Intracellular Electrophysiology
Yamuna Krishnan, Professor, Department of Chemistry, University of Chicago,
Speaker's Bio:
Positions: Current: Professor of Chemistry at University of Chicago 1994: B. Sc in Chemistry at the Women’s Christian College – a small liberal arts college at the University of Madras 2002: PhD in organic Chemistry at the Indian Institute of Science, Bangalore, India 2001-05: “1851 Research Fellow”, University of Cambridge, UK. This is an independent fellowship awarded by the Royal Commission for the Exhibition of 1851 that has supported outstanding scholars for over ~100 years including Rutherford, Dirac, James Chadwick, Cockroft, Aaron Klug, Homi Bhabha, Sydney Brenner and Alex Todd among others. 2005-2013: Yamuna returned to India, set up her independent lab at the National Center for Biological Sciences in Bangalore in 2005 and 8 years later (2014) found herself at the Department of Chemistry at the University of Chicago where she has been ever since. Research: Her lab has pioneered the application of DNA nanotechnology in living systems. She developed DNA-based nanodevices to sense and image the chemical contents of sub-cellular organelles in live cells and animals. In doing so, she developed DNA nanodevices into a next-generation targeting platform, where the accuracy reaches sub-cellular precision. Krishnan’s DNA-nanodevices have unblocked decades-old bottlenecks that have hindered the analysis of ions in organelles and enabled the discovery of new organellar ion channels and transporters.

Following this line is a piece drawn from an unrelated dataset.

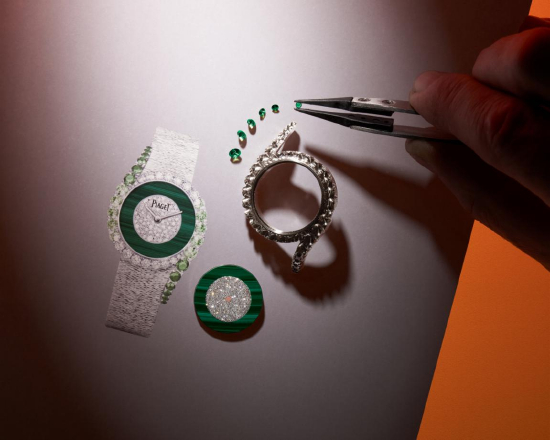 为了呈现最佳有层次的渐变效果,收集和选取完美适配的宝石耗费了数月时间。PIAGET伯爵的宝石鉴定大师们不仅需要为每件作品创造最佳的渐变效果,还需要将渐变层次与该系列的每只腕表匹配。对PIAGET伯爵而言,色彩搭配与明暗调节极其重要,大师们精心选取了特别的颜色层次与孔雀石表盘形成强烈对比。
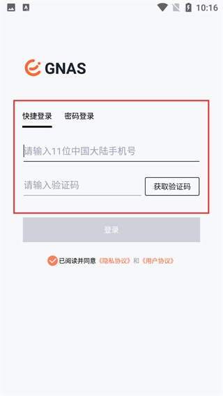 在登录页面选择【快捷登录】方式时,需输入11位中国大陆手机号,点击【获取验证码】并填写收到的验证码,就能完成快捷登录操作。

I have been interested in exploring how the ionic milieu within an organelle facilitates its lumenal biochemistry and thereby, organelle function. To map these lumenal chemistries, my lab developed a DNA-based, fluorescent reporter technology to quantitatively map ions such as H+, Cl- and Ca2+ within organelles (1). We can now interrogate organelles of cells in culture, in live organisms (2) and in human patient cells (3,4). Our most recent reporter for absolute membrane potential ended a previous misconception by showing that many organelles do in fact, have membrane potential (4). Today I will discuss two new reporters for organellar Na+ and K+ : the final pieces needed to build an electrochemical model for organelle membranes (5,6). The only existing electrochemical model of a biological membrane is that of the neuronal cell membrane, first developed by Hodgkin and Huxley in 1952 (7). To accomplish this for organelles we will need input from physicists, cell biologists and electrophysiologists.